Ruangan itu sepertinya gudang buku yang sudah tidak terpakai, setelah dibersihkan sudah layak huni. Ibu Biyan merasa lega, paling tidak ia dan Biyan tidak harus memikirkan uang sewa untuk beberapa bulan ini.
***
Biyan baru saja pulang melihat isi rumah kosong ia sempat kaget lantas melihat-lihat kamar lain, memang kosong. "Kemana ibu? Kemana semua barang?" Ponsel Biyan berbunyi. Ibunya yang memanggil dari seberang sana.
"Ibu? Kau dimana?" tanya Biyan khawatir mungkinkah ibunya marah pada Biyan karena selalu membenci Riyu.
"Ibu mengirimkan alamat, kau datang kesana! Kita bicara nanti, sekarang ibu masih ada pekerjaan."

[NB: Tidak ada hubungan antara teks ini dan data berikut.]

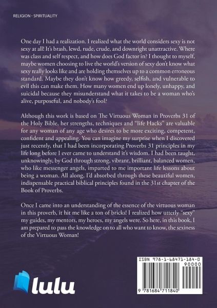 One day I had a realization. I realized what the world considers sexy is not sexy at all! It's brash, lewd, rude, crude, and downright unattractive. Where was class and self respect, and how does God factor in? I thought to myself, maybe women choosing to live the world's version of sexy don't know what sexy really looks like and are holding themselves up to a common erroneous standard. Maybe they don't know how greedy, selfish, and vulnerable to evil this can make them. How many women end up lonely, unhappy, and suicidal because they misunderstand what it takes to be a woman who's alive, purposeful, and nobody's fool? Although this work is based on The Virtuous Woman in Proverbs 31 of the Holy Bible, her strengths, techniques and "life Hacks" are valuable for any woman of any age who desires to be more exciting, competent, confident and appealing.

Panggilan berakhir Biyan segera bergegas menuju alamat yang ibunya berikan. Tadi dua orang membantu ibu Biyan berkemas juga mobil box yang dipersiapkan, sungguh ibu Biyan sangat bersyukur atas kebaikan tuan muda dan tuan besar tempat ia bekerja sekarang.
Biyan melihat tembok megah itu. Bahkan ujungnya tidak terlihat, gerbang besi di hadapannya masih tertutup rapat.
Tok!
Tok!
Tok!
Biyan mengetuk pintu kaca yang hanya sebesar wajah seseorang, lantas dari dalam ada yang bertanya.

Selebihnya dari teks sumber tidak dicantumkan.